If you have read my previous post you know a little about how I have configured servers for web hosting, which probably mirrors a large swath of what was being done across the industry. Now I'd like to take a look at how we implemented Chef.

We started with Chef about the time that version 11 was becoming the standard. There are two main ways to implement Chef. The most popular way is using what is often called "Chef Server", meaning there is a server running Chef software that is responsible for communicating with the "nodes" (web hosts / servers) and ensuring they are configured correctly. The other way to use Chef is via "Chef Solo", which is a mechanism for running Chef on the node itself. This likely involves figuring out how to move at least a portion of your Chef code base to the node via SFTP, SCM checkout, etc.

Chef Server is nice, but also costly if you are managing a large number of web servers. Hosted Chef is charged per node, making it affordable if being used for only a few instances, but it makes hosting many servers relatively expensive. Though hosting many nodes is where Chef really excels. The core of Chef server can be hosted on your own server for free, but lacks the nice administrative interface beyond a few nodes, and seems to me, to be more of a trial like experience. Because of the friction of cost, and our philosophy of keeping overhead to a minimum we decided to pursue Chef Solo, but we did so in a way that allowed us to manage all of our hosts from a single repository using a utility called Knife Solo.

Knife Solo

Knife Solo allows us to maintain all of our Chef code in one location, then, as required, the the libraries and code needed on a node by Chef Solo are transferred and executed remotely over an SSH connection. One downside worth mentioning about this approach is that each "DevOps Admin" must have a fully functional local setup of Chef with a common versions of Ruby and other libraries and frameworks.

Chef Librarian

Another utility we implemented was called Chef Librarian which helped procure the correct Cookbook dependencies for our Chef repository, and helped separate our custom cookbooks from those contributed by the Chef community.

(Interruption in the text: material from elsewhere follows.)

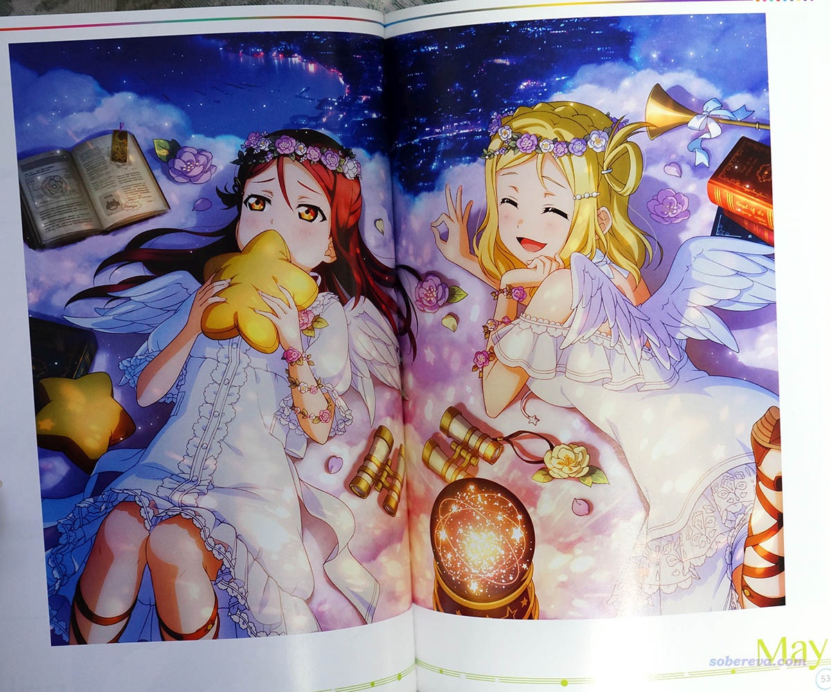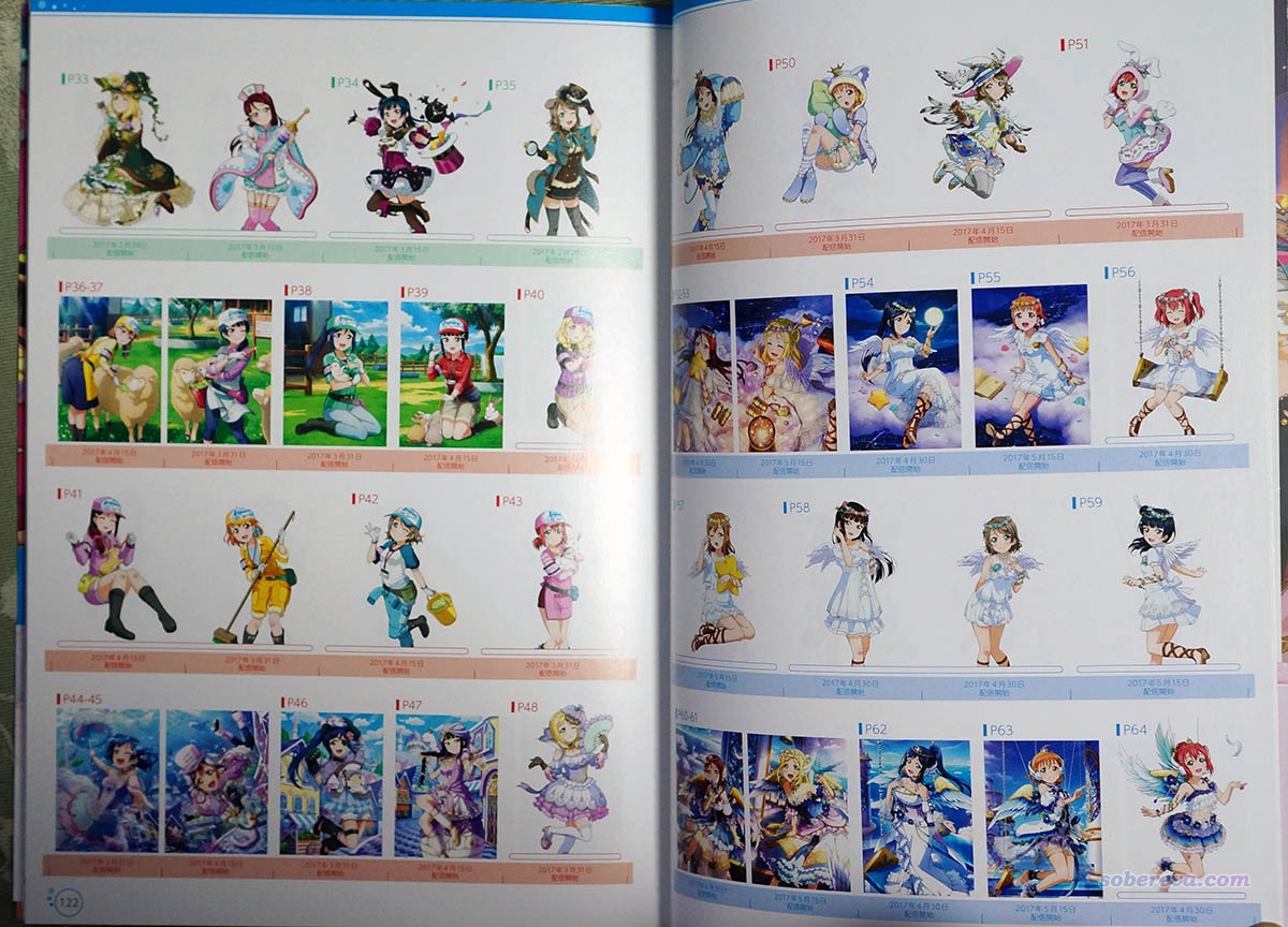 lovelive手游水团的卡牌的公式书。这个超值,非常厚,里面整体作画质量很高,有不少画面可谓极品。看此书时可以把此书收录的时间段内的所有水团卡牌尽收眼底,对于玩ll手游的人颇具价值。而且会发现,原来很多卡的图像是一张完整的大图拆分开的,看了此公式书终于才一次性看到了全貌。

I should mention that since our adoption of Chef Librarian another similar tool has become very popular called Berkshelf which seems to be the most widely adopted at this time. Berkshelf and Librarian both accomplish the same goal in very similar ways.

Librarian uses a Cheffile to determine what dependencies are needed. The format looking something like this.

$ cat Cheffile
  cookbook "rbenv"
  cookbook 'apt'
  cookbook 'chef-client'
  cookbook 'apache2'
  cookbook 'mysql', '~>5.0'
  cookbook 'php' #, '1.1.4' # we need to use an older version because of pear installation issue
  cookbook 'database', '~>2.3.1'
  cookbook 'git'

Each dependency is listed for any of the nodes we will be managing. Meaning, we may not be using PHP on every host, but this file establishes the requirements for our project which will configure every node in our portfolio.

Project Setup

knife solo init sets up the project structure. Some important things to note:

  • librarian-chef will take over the cookbooks directory. So any custom cookbooks should be placed in another location. I've chosen the directory site-cookbooks.
  • A new directory called nodes is created and this is where the specific configuration for each site will be stored. In the JSON format. We'll look at this closer later.

Adding Nodes

As soon as you have your new host instance procured you need to ensure that you are able to ssh, most likely via root and it is best to use ssh shared key authentication so that you avoid the password prompts. Make any necessary .ssh/config changes to ensure that you are connecting to the host with the correct user, etc.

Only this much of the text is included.